Bug 1258578

Summary: Discovered hosts fail to move to 'built' due to DHCP conflict
Product: Red Hat Satellite Reporter: David Critch <dcritch>
Component: DHCP & DNSAssignee: Lukas Zapletal <lzap>
Status: CLOSED ERRATA QA Contact: Sachin Ghai <sghai>
Severity: high Docs Contact:
Priority: unspecified    
Version: 6.1.0CC: bbuckingham, bkearney, cwelton, lzap, sghai
Target Milestone: UnspecifiedKeywords: Triaged
Target Release: Unused   
Hardware: Unspecified   
OS: Unspecified   
URL: http://projects.theforeman.org/issues/8727
Whiteboard:
Fixed In Version: Doc Type: Bug Fix
Doc Text:
Story Points: ---
Clone Of: Environment:
Last Closed: 2015-12-15 09:19:25 UTC Type: Bug
Regression: --- Mount Type: ---
Documentation: --- CRM:
Verified Versions: Category: ---
oVirt Team: --- RHEL 7.3 requirements from Atomic Host:
Cloudforms Team: --- Target Upstream Version:
Embargoed:

Description David Critch 2015-08-31 16:50:09 UTC
Description of problem:
Hosts are failing to move from discovered to built due to a 409 DHCP reserveration error:
2015-08-23 23:49:48 [I] Found pod1-controller1.cloud.practice.redhat.com
2015-08-23 23:49:48 [I] unattended: pod1-controller1.cloud.practice.redhat.com is Built!
2015-08-23 23:49:48 [W] DHCP records -b8:2a:72:d3:63:f0/10.12.32.106 already exists
2015-08-23 23:49:48 [W] Failed to set Build on pod1-controller1.cloud.practice.redhat.com: Validation failed: Conflict DHCP records -b8:2a:72:d3:63:f0/10.12.32.106 already exists
2015-08-23 23:49:48 [I] Completed 409 Conflict in 587ms (ActiveRecord: 27.9ms)

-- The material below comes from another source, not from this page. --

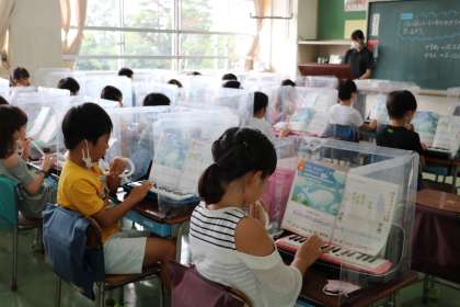 2年生音楽の様子です。「ぷっかりくじら」をけんばんハーモニカで演奏するグループと、歌を歌うグループに分かれて合わせていました。この曲に取り組み始めたときは、歌は鍵盤につられ、鍵盤は歌につられ、重なり合う音が響く・・・に、ちっともなりませんでしたが。今日はなんときれいなことか。とても上手で思わず拍手を送りました。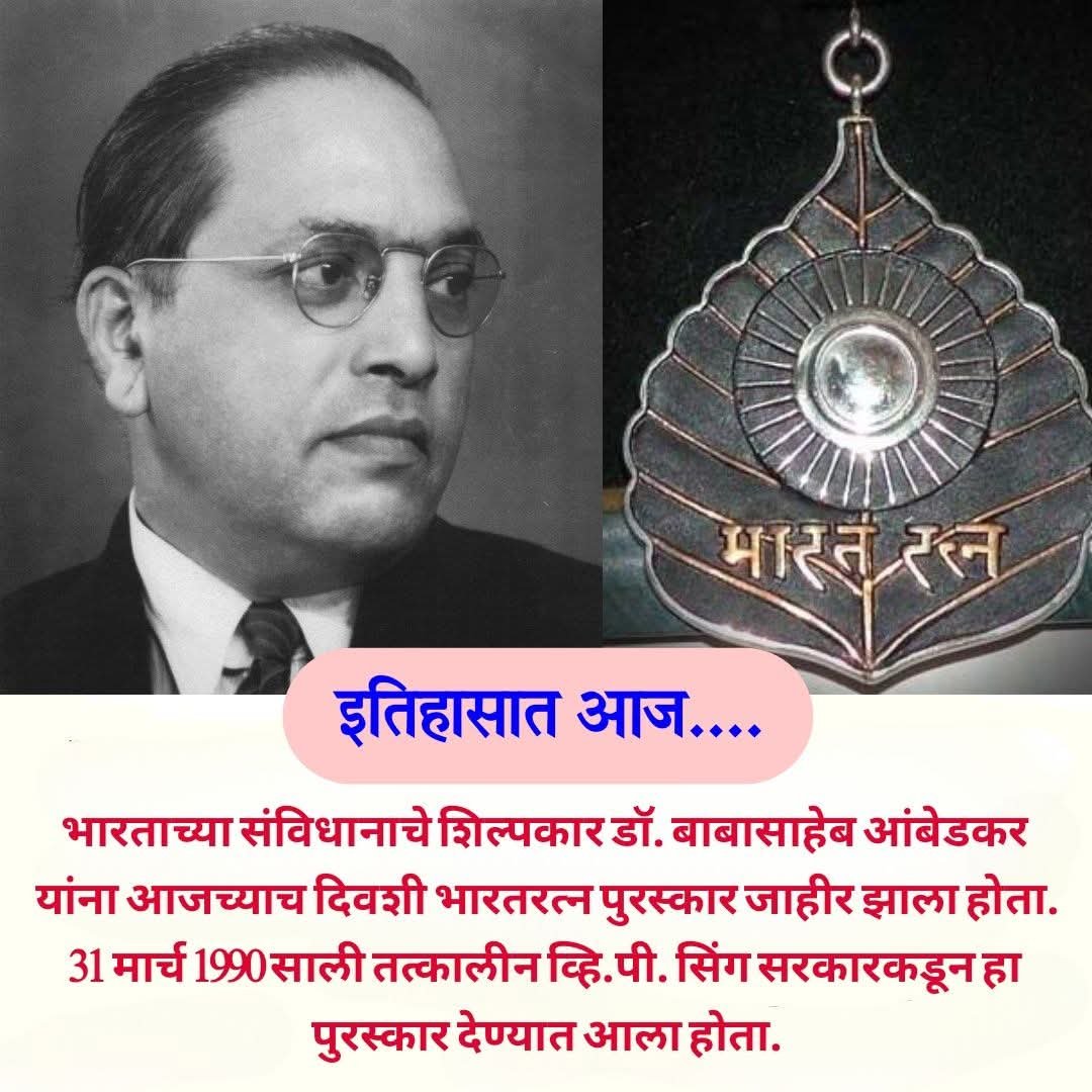 🔹 १९९० : भारतीय राज्यघटनेचे शिल्पकार डॉ. बाबासाहेब आंबेडकर यांना मरणोत्तर ‘भारतरत्न’ हा सर्वोच्च नागरी सन्मान प्रदान करण्यात आला.

Version-Release number of selected component (if applicable):
katello-2.2.0.14-1.el7sat.noarch
foreman-1.7.2.33-1.el7sat.noarch

How reproducible:
Always

Steps to Reproduce:
1. Boot host to discovery mode
2. Click provision, and change IP from DHCP issued lease to desired static IP
3. Click Submit
4. Acknowledge DHCP conflict and click ACK
5. Host builds successfully through Satellite
6. When host goes to "inform Foreman we are built"


Actual results:
Host is not moved to 'built' and following error occurs in log:

2015-08-23 23:49:48 [I] Found pod1-controller1.cloud.practice.redhat.com
2015-08-23 23:49:48 [I] unattended: pod1-controller1.cloud.practice.redhat.com is Built!
2015-08-23 23:49:48 [W] DHCP records -b8:2a:72:d3:63:f0/10.12.32.106 already exists
2015-08-23 23:49:48 [W] Failed to set Build on pod1-controller1.cloud.practice.redhat.com: Validation failed: Conflict DHCP records -b8:2a:72:d3:63:f0/10.12.32.106 already exists
2015-08-23 23:49:48 [I] Completed 409 Conflict in 587ms (ActiveRecord: 27.9ms)

Expected results:
Host is moved to 'built'

Additional info:
Same error message occurs if you 'cancel build' after the OS is provisioned. Cleaning up dhcpd.leases and restarting dhcpd allows 'cancel build' to proceed.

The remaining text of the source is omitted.